In Brazil and Colombia, lawsuits against reporters have increased in recent years.

“Freedom of expression is under attack,” said Colombian journalist Claudia Báez on June 18 during a panel at the International Anti-Corruption Conference (IACC) in Vilnius, Lithuania.

Báez is the CEO and co-founder of Cuestión Pública, a news outlet which recently launched the collaborative investigation platform, Indi$cregram. This news venture scrutinises the business dealings, corporate relationships, and conflicts of interest of Colombian lawmakers.

One investigation in particular spelled trouble for Báez and her team. In 2021, they published a deep dive into the lengthy political career of Juan Diego Gómez, who was then serving as President of the Senate. In the publication they reported on connections between Gómez and certain individuals accused of political corruption and drug trafficking. Gómez quickly responded by suing Báez for defamation, denying all allegations and claiming her work tarnished his reputation. Báez won the legal case. The Superior Court of Bogotá attested there´s no “biased, wrong or even false information” in the article.

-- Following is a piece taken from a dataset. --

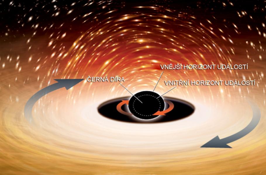 Vědci v současné době rozlišují dva typy černých děr: hvězdné černé díry coby pozůstatky vývoje velmi hmotných stálic a černé veledíry, jež se nacházejí v centrech galaxií. O jejich vnitřní struktuře mnoho nevíme, protože známé fyzikální zákony tam v běžně podávané formě přestávají platit. Každého černého giganta však bez ohledu na to, co se skrývá uvnitř, obklopuje tzv. horizont událostí. Jde o plochu, na níž úniková rychlost dosahuje rychlosti světla. Částice vyskytující se nad horizontem událostí mohou od černé díry uniknout, ty pod ním už nikoliv.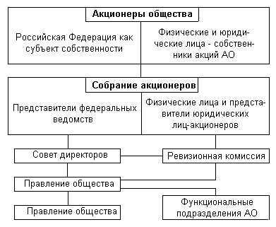 К третьему типу принадлежат группы, где участники объединили свои капиталы и создали единую акционерную компанию (рис 42).Подобная компания практически не отличается от обычной корпоративной структуры, где кроме производственных функциональных подразделений имеются банковские учреждения, научно-исследовательские центры и т.д. К числу таких объединений можно отнести недавно образованную гигантскую компанию "Российская металлургия". Управление собственностью осуществляется через сложное взаимодействие собрания акционеров, правления, аппарата, ревизионной комиссии и т.д. (рис 43).

“We are under attack. We live in a violent country. After the 2016 peace process [with the Revolutionary Armed Forces of Colombia – FARC], a lot changed in Colombia, but we continue to face judicial and legal harassment against journalists,” said Báez.

Thousands of Brazilian journalists are facing a similar plight, as shown by a recent report by the Brazilian Association of Investigative Journalism (Abraji). Between 2008 and April 2024, 654 cases of judicial harassment against journalists were recorded. One particularly noteworthy case was that of journalist Elvira Lobato, who was sued 111 times by members of the Igreja Universal do Reino de Deus (Universal Church of the Kingdom of God) after she published a 2007 report, stating that this religious group was in fact a “business empire.”

Lobato was accused of ridiculing the church, but no material evidence refuting her report was provided. All the lawsuits were ruled in favour of Lobato and her newspaper, the Folha de S.Paulo.

Reinaldo Chaves, Abraji’s project coordinator, highlighted at the IACC that judicial harassment tends to be more intense against women. “Many investigative journalists have been sued, and it is much worse when it is a woman journalist. Women also suffer misogynistic attacks,” he said.

Chaves explained that, in addition to the flood of lawsuits, journalists are also exposed to coordinated attacks with political purposes and “doxing”—a term for when their personal information is leaked publicly on the internet. He cited the case of Brazilian journalist Patrícia Campos Mello, who was targeted by coordinated attacks on social media from supporters of former Brazilian President Jair Bolsonaro.

Bolsonaro also targeted Campos Mello, suggesting during a public address that she had offered to have sex with a source to get damaging information on him. A court ruled the former president had to pay damages to the journalist, but attacks against her continued.

Brazil has seen particularly harsh rulings against journalists. In 2022, Rubens Valente was ordered by the country’s Supreme Federal Court (STF) to pay around $54,000 in damages to Gilmar Mendes, a judge on that same court.

In a 2014 book, Valente stated that Mendes had ordered the release of a businessman who had been arrested after being accused of corruption and bribery, Daniel Dantas.

The libel case’s indictment argued that there was decontextualisation of facts and that Valente insinuated partiality of the judge in the court trial.

However, in May 2024, the STF ruled that it was illegal for any party to file repeated lawsuits against the media or journalists in order to stop the freedom of the press.

For Chaves, there are ways for journalists to protect themselves from such harassment, including seeking collaborative investigations with other media and maintaining constant contact with associations of journalists and press freedom activists to protect themselves legally.

“To avoid this…collaboration is key,” he said.